THE campaigning former head of the Dale Farm traveller site's double life as an international gangster was exposed through his subscription to a traveller magazine.

Richard Sheridan, 55, (being arrested above) was part of an organised crime gang involved in the illegal sale and theft of around £57 million pounds worth of rhino horns and Chinese artefacts from museums at the same time as he championed traveller rights.

From 2005 Sheridan became the friendly face of a group of families who were fighting eviction from the controversial unauthorised Dale Farm site near Basildon, Essex, home to up to 500 people.

His campaigning saw him travel to the European Parliament in Strasbourg (below top), while rubbing shoulders with chief constables and actors Corin (now deceased) and Vanessa Redgrave (below bottom).

In 2011 he tried to stop the eviction, which went ahead and was watched by the world in October that year.

Behind the scenes, he secretly helped plan burglaries of museums in the UK and Europe, to steal rhinoceros horns and other Chinese artefacts.

A three-part Sky documentary series next month<January> reveals he used the same mobile phone number to communicate with a burglar hired by his gang, as he did to subscribe to the Travellers Times - a magazine centred on the rights of gypsies and travellers.

DS Adrian Green, who led a national task force to investigate the UK museum thefts, obtained a string of mobile phone numbers from Lee Wildman 45's phone after he was linked to an audacious break-in at Durham University Oriental Museum in April 2012.

Wildman made a series of panicked calls to Sheridan and other gang members after he lost £2m of stolen jade artefacts he hid in a field.

Mr Green said: "Looking at the billing, I identified a number that related to the Travellers Times magazine.

"We made an approach to them and we identified that there was a subscription in the name of Ricard Sheridan (below in police mugshot). He was the cousin of (gang leader) Richard "Kerry" O'Brien junior."

Oddly, the international crime gang had used personal phone numbers to communicate with Wildman.

O'Brien was tracked through a insurance company while brother-in-law Michael Heggarty was found through registering the phone with his dentist.

Of the 14 gang members jailed, Wildman received nine years. Sheridan was jailed for 14 months.

Investigative journalist and author Eamon Dillon has written about the activities of the gang, which originates from Rathkeale in County Limerick, Ireland, for the past 20 years.

He said: "We knew they were not exactly the most sophisticated of organised criminals, but it was just the sheer volume of break-ins they inspired.

"You almost have to take your hat off to think how did they pull off a stroke like this as they were up against some serious criminals in Vietnam and China?

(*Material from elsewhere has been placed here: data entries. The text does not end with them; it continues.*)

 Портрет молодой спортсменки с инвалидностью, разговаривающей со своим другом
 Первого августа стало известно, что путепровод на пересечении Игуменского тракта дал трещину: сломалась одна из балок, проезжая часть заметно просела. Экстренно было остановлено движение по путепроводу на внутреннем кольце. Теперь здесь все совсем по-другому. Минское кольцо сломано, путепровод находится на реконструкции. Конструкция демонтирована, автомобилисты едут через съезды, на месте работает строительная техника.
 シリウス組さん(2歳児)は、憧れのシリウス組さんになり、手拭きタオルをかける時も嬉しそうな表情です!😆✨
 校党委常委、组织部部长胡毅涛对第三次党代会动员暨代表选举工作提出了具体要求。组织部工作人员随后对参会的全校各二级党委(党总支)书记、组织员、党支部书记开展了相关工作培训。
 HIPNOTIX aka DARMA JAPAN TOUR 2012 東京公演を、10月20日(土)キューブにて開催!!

"They were pretty smart in one sense, but pretty bungling in the way they operated."

The series charts how the gang, traditionally involved in bitumen and counterfeit goods scams across Europe, branched into the black-market rhino horn trade from 2009.

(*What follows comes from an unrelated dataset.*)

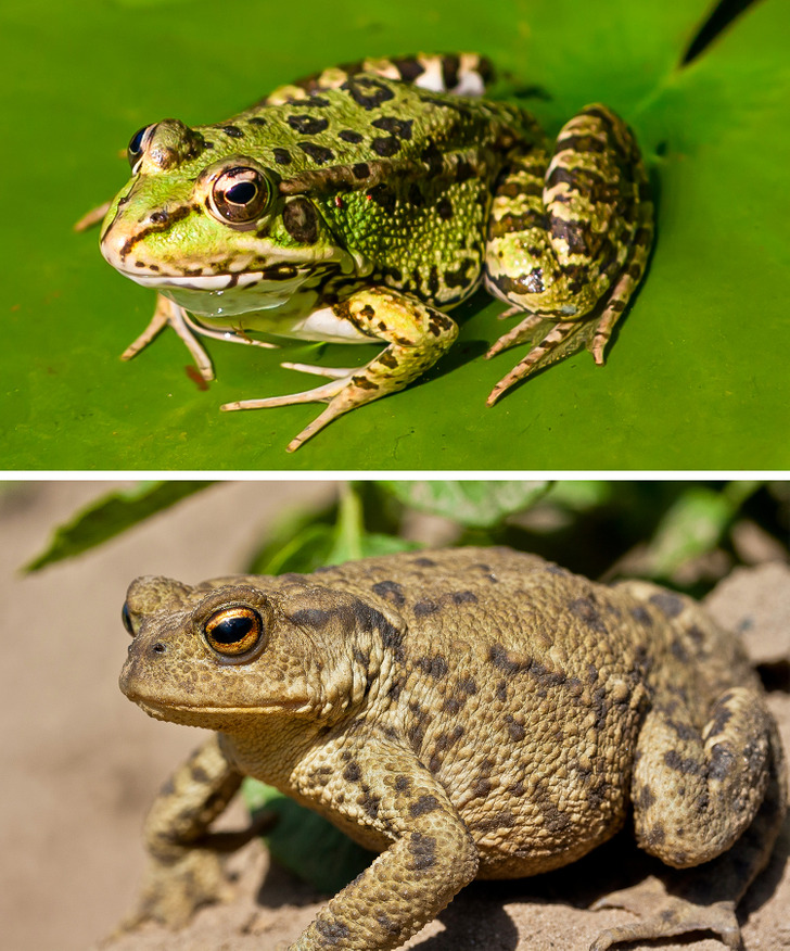 A békák és a varangyok jelentős különbségeket mutatnak annak ellenére, hogy kétéltűek és sok hasonlóságot mutatnak. A békák jellemzően hosszú lábakkal rendelkeznek, miközben életük jelentős részét vízben vagy víz közelében töltik, ami nedves bőrt eredményez. Ezzel szemben a varangyoknak rövidebb lábuk van, és elsősorban a szárazföldön élnek, ami száraz és göcsörtös bőrt eredményez.

The group, that was also involved in dealing antiques, had spotted the price of rhino horns rising higher than that of gold fuelled by a Chinese demand for their use in traditional medicine as a "miracle cure" for anything from hangovers to cancer.

The gang initially began illegally importing rhino horn products from the US to the UK to sell to Chinese contacts from 2010.

By 2011 museums and auction houses across Britain and Europe were hit by the odd crime spree when burglars broke in to target rhino horns or Chinese artefacts made from jade.

Over twelve months, an estimated ninety-one rhino horns were stolen from buildings in fifteen countries.

The Great Rhino Robbery part one is on Sky Documentaries and streaming service NOW from January 3rd.